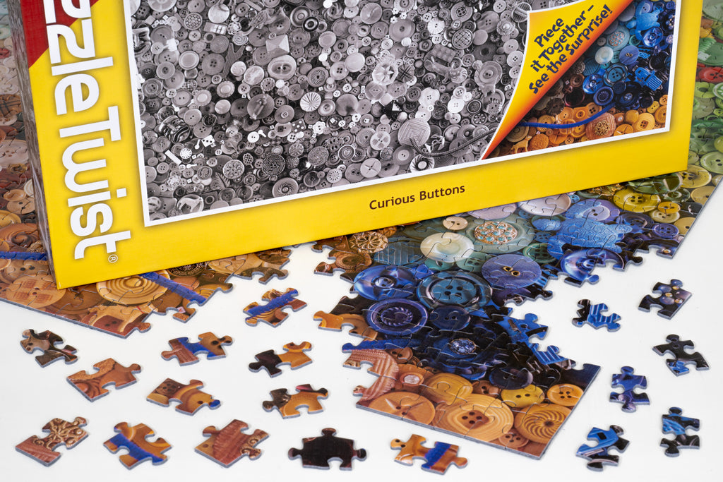 Don’t be fooled by the black and white—this puzzle hides a colorful surprise! As the color of each button clicks into place, a secret image begins to emerge. Brought to life by artist Steve Barry, a longtime creative force behind PuzzleTwist, this clever design offers plenty of fun as the twist unfolds piece by piece.
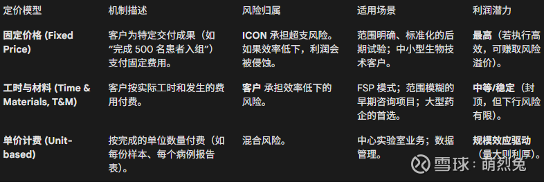 Functional Service Provision (FSP): ICON 向客户提供特定的专业人员(如临床监查员 CRA、数据管理员),这些人嵌入客户的内部团队工作。类似于高端人力资源外包。利润率较低但非常稳定,通常按小时计费(Time & Materials)。大型制药公司(Big Pharma)倾向于这种模式以保持对试验的控制权。【让我觉得可以类比成本加成制合约,不可能赚很多钱,但相对来说比较稳定。】
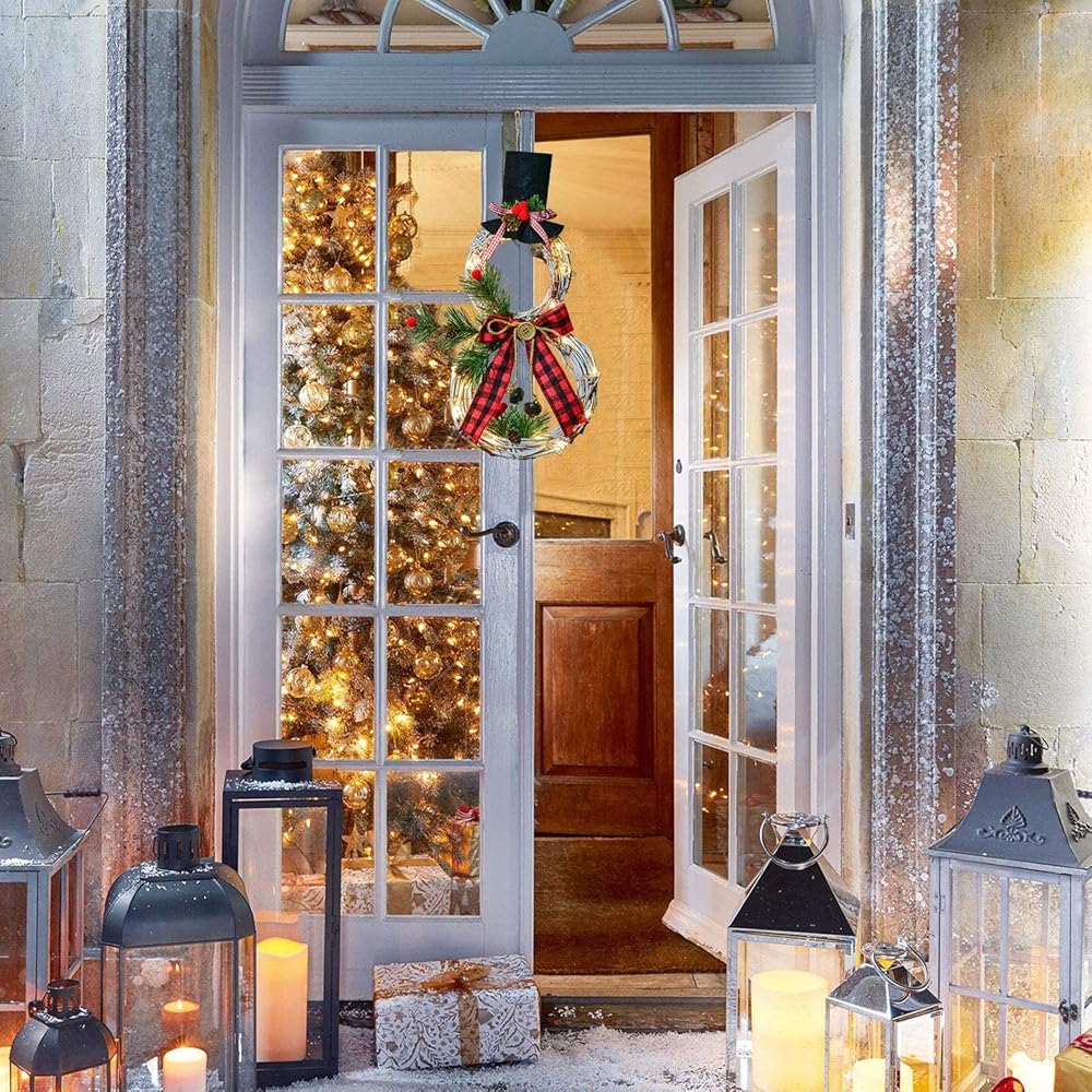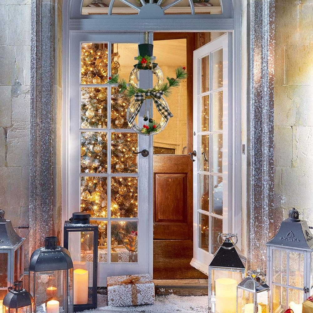 DearHouse 16inch Christmas Snowman Wreath with 15 LED Lights

◆ EXERCISE BRIEF ◆
Hand back the data exactly as it appears, with all pictures cut.

◆ WRITTEN SOLUTION ◆
 Don’t be fooled by the black and white—this puzzle hides a colorful surprise! As the color of each button clicks into place, a secret image begins to emerge. Brought to life by artist Steve Barry, a longtime creative force behind PuzzleTwist, this clever design offers plenty of fun as the twist unfolds piece by piece.
 Functional Service Provision (FSP): ICON 向客户提供特定的专业人员(如临床监查员 CRA、数据管理员),这些人嵌入客户的内部团队工作。类似于高端人力资源外包。利润率较低但非常稳定,通常按小时计费(Time & Materials)。大型制药公司(Big Pharma)倾向于这种模式以保持对试验的控制权。【让我觉得可以类比成本加成制合约,不可能赚很多钱,但相对来说比较稳定。】
 DearHouse 16inch Christmas Snowman Wreath with 15 LED Lights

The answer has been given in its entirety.